### Problem statement:
Look through the data below for the line with "上午8時(shí)30分,大" and the line with "Una novedad en", then transcribe exactly from the first through the second, leaving out all pictures.

### Data listing:
*-*-*

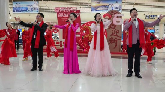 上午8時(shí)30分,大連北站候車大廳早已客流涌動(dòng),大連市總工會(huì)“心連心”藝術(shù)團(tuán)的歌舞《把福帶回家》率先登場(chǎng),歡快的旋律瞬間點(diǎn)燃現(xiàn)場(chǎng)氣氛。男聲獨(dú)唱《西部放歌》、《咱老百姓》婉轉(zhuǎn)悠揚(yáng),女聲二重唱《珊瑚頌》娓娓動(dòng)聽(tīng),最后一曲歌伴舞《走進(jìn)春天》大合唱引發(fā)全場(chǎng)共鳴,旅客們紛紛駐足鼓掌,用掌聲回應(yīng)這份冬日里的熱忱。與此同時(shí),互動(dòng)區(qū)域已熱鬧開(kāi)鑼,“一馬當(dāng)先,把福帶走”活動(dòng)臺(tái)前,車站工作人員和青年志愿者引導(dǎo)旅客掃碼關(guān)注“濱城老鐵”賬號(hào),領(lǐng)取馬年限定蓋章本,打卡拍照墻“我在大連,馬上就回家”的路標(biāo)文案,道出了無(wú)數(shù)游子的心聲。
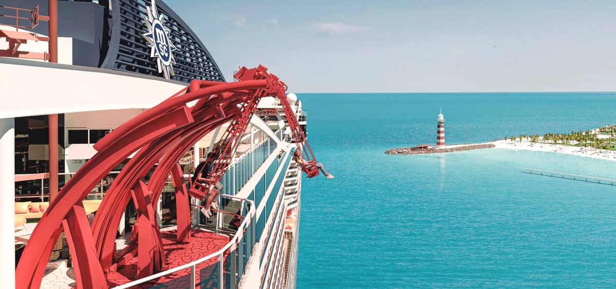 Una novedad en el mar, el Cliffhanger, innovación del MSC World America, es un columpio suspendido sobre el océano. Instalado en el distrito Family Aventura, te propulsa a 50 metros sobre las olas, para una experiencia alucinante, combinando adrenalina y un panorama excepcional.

*-*-*

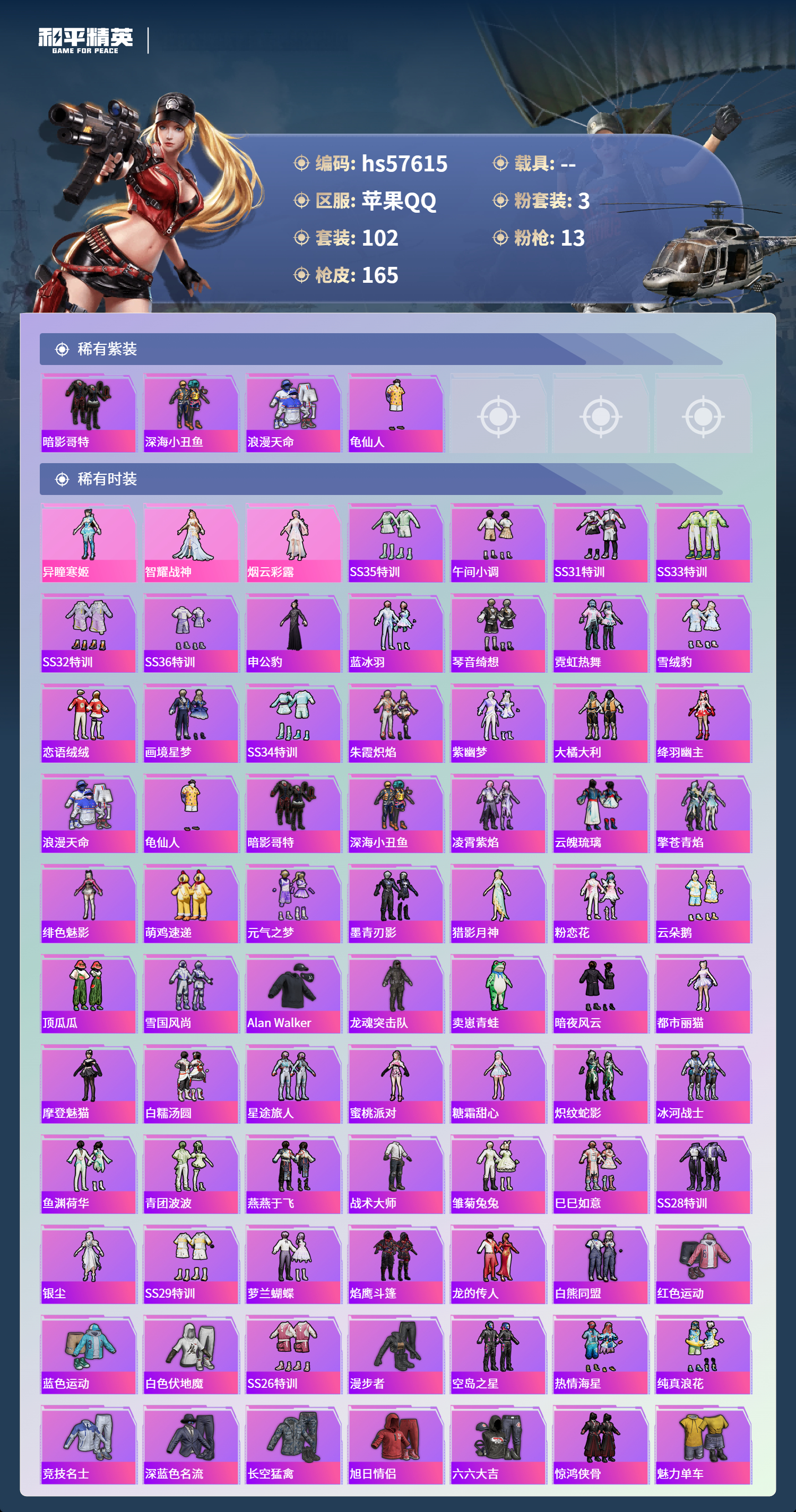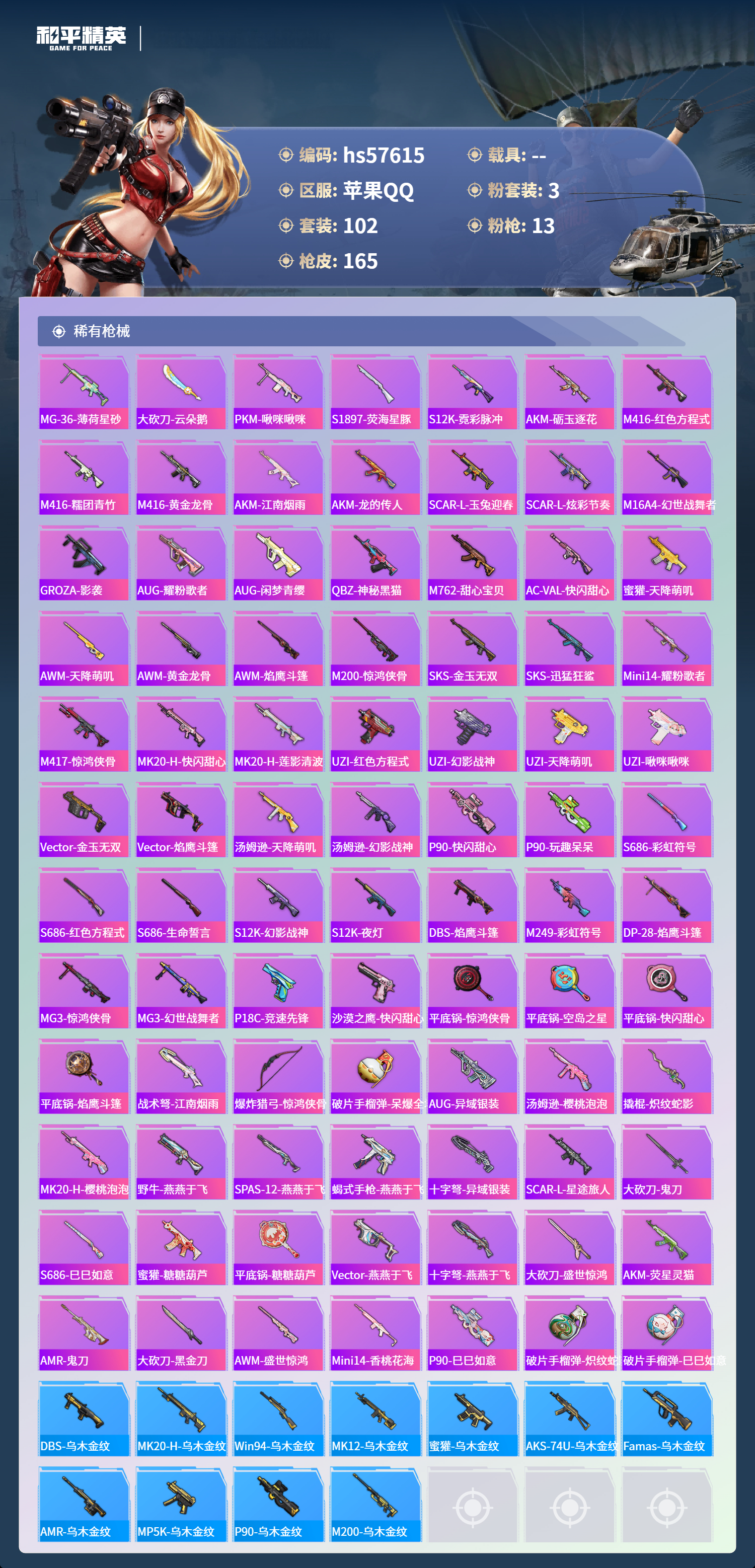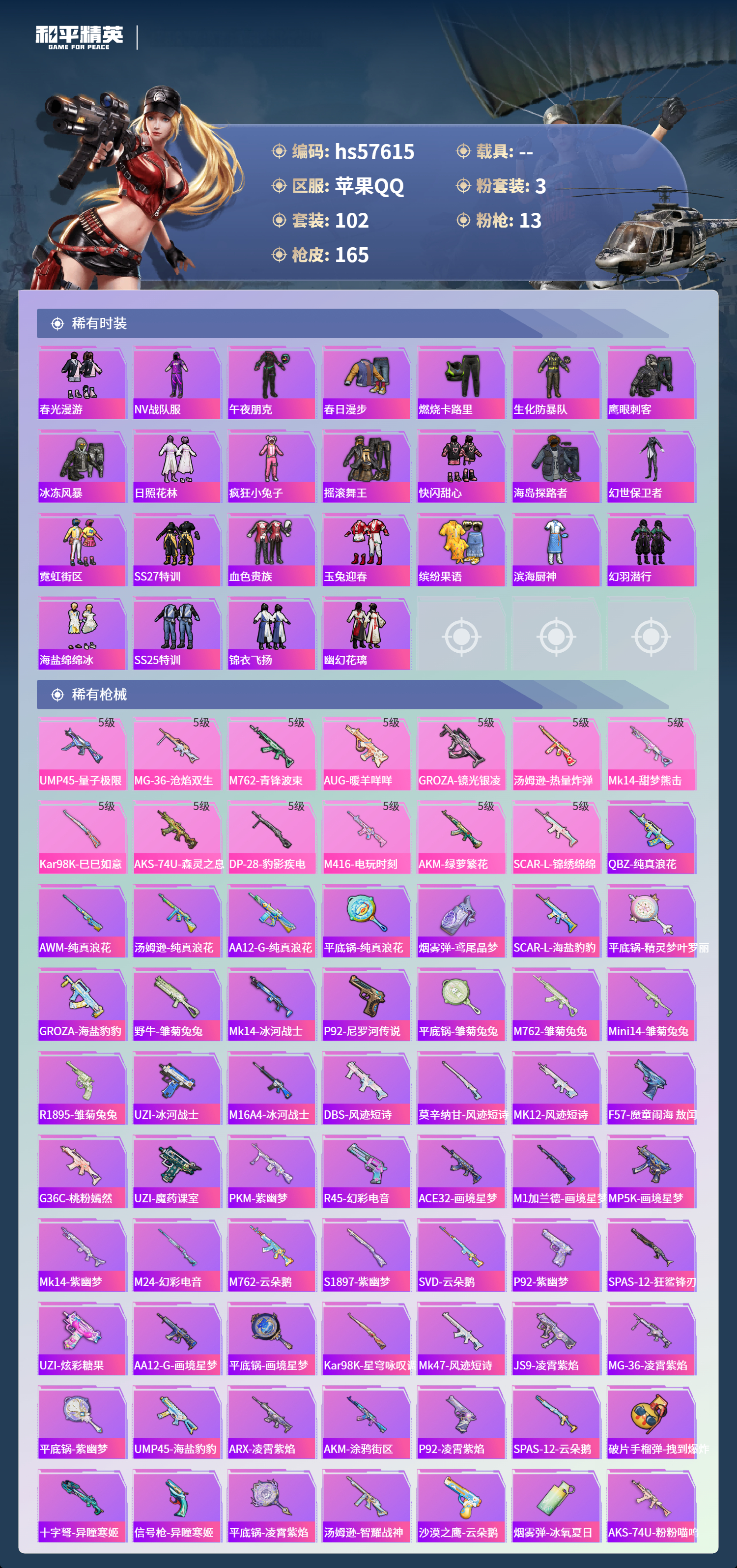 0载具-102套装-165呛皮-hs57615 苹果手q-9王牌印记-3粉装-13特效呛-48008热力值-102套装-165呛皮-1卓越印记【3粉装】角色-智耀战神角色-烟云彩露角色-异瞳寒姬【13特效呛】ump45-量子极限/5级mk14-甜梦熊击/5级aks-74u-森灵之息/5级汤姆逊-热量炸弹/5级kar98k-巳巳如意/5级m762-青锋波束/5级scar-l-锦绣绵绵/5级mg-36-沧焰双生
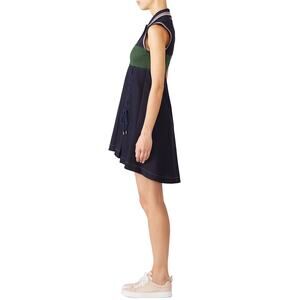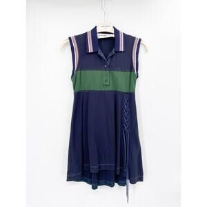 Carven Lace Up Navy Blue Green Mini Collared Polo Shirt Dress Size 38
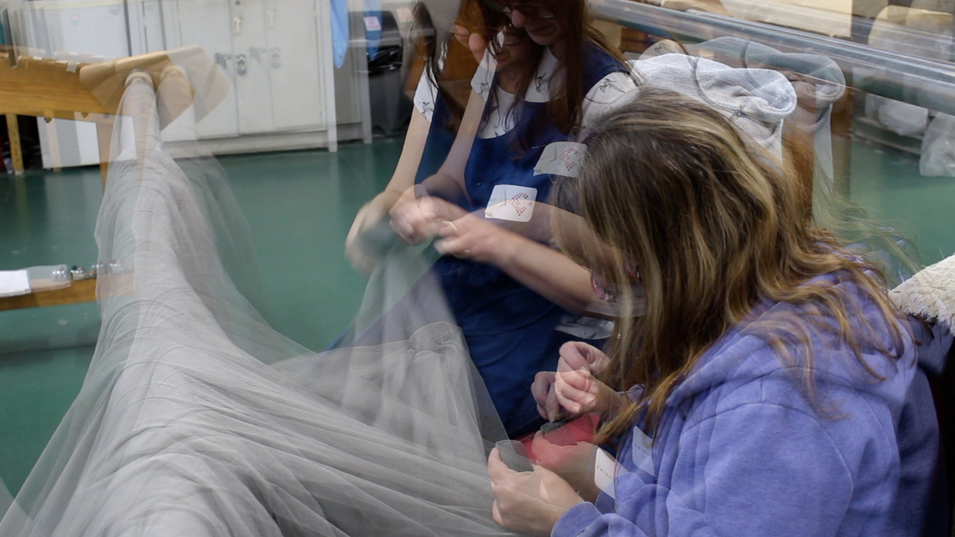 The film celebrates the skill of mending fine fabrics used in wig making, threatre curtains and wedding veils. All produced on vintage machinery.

*-*-*

### Solution to the problem:
 上午8時(shí)30分,大連北站候車大廳早已客流涌動(dòng),大連市總工會(huì)“心連心”藝術(shù)團(tuán)的歌舞《把福帶回家》率先登場(chǎng),歡快的旋律瞬間點(diǎn)燃現(xiàn)場(chǎng)氣氛。男聲獨(dú)唱《西部放歌》、《咱老百姓》婉轉(zhuǎn)悠揚(yáng),女聲二重唱《珊瑚頌》娓娓動(dòng)聽(tīng),最后一曲歌伴舞《走進(jìn)春天》大合唱引發(fā)全場(chǎng)共鳴,旅客們紛紛駐足鼓掌,用掌聲回應(yīng)這份冬日里的熱忱。與此同時(shí),互動(dòng)區(qū)域已熱鬧開(kāi)鑼,“一馬當(dāng)先,把福帶走”活動(dòng)臺(tái)前,車站工作人員和青年志愿者引導(dǎo)旅客掃碼關(guān)注“濱城老鐵”賬號(hào),領(lǐng)取馬年限定蓋章本,打卡拍照墻“我在大連,馬上就回家”的路標(biāo)文案,道出了無(wú)數(shù)游子的心聲。
 Una novedad en el mar, el Cliffhanger, innovación del MSC World America, es un columpio suspendido sobre el océano. Instalado en el distrito Family Aventura, te propulsa a 50 metros sobre las olas, para una experiencia alucinante, combinando adrenalina y un panorama excepcional.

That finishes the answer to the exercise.